─── Collected material
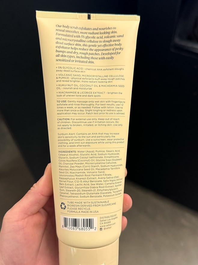 - GOOD FOR SKIN. GOOD FOR THE WORLD: Our KP Body Smoother Glycolic Scrub uses a Earth-friendly Bioresin derived from sugar cane to help keep our planet happy! All Saltair products are Cruelty Free, Vegan, Paraben Free and Gluten Free. We are a brand built on care, and like our motto says, we truly believe every body is welcome here. (edited)
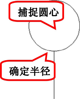 执行“圆”命令,打开“捕捉”模式,捕捉竖直直线上一点作为圆心时,将鼠标放置到竖直线顶点,沿绿色点线向上捕捉圆心,如图3-18所示。
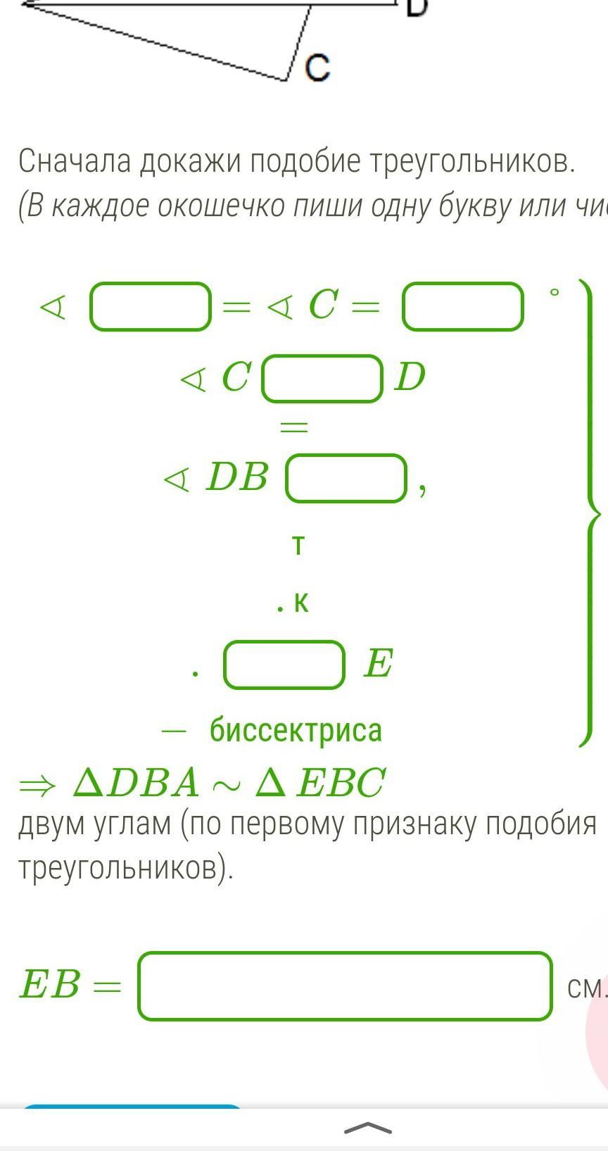 Вычисли EB, если AD= 6 см, AB= 8 см, CE= 3,6 см.
──────
### Action item
Retype the lines above exactly, no pictures.

### Your response
 - GOOD FOR SKIN. GOOD FOR THE WORLD: Our KP Body Smoother Glycolic Scrub uses a Earth-friendly Bioresin derived from sugar cane to help keep our planet happy! All Saltair products are Cruelty Free, Vegan, Paraben Free and Gluten Free. We are a brand built on care, and like our motto says, we truly believe every body is welcome here. (edited)
 执行“圆”命令,打开“捕捉”模式,捕捉竖直直线上一点作为圆心时,将鼠标放置到竖直线顶点,沿绿色点线向上捕捉圆心,如图3-18所示。
 Вычисли EB, если AD= 6 см, AB= 8 см, CE= 3,6 см.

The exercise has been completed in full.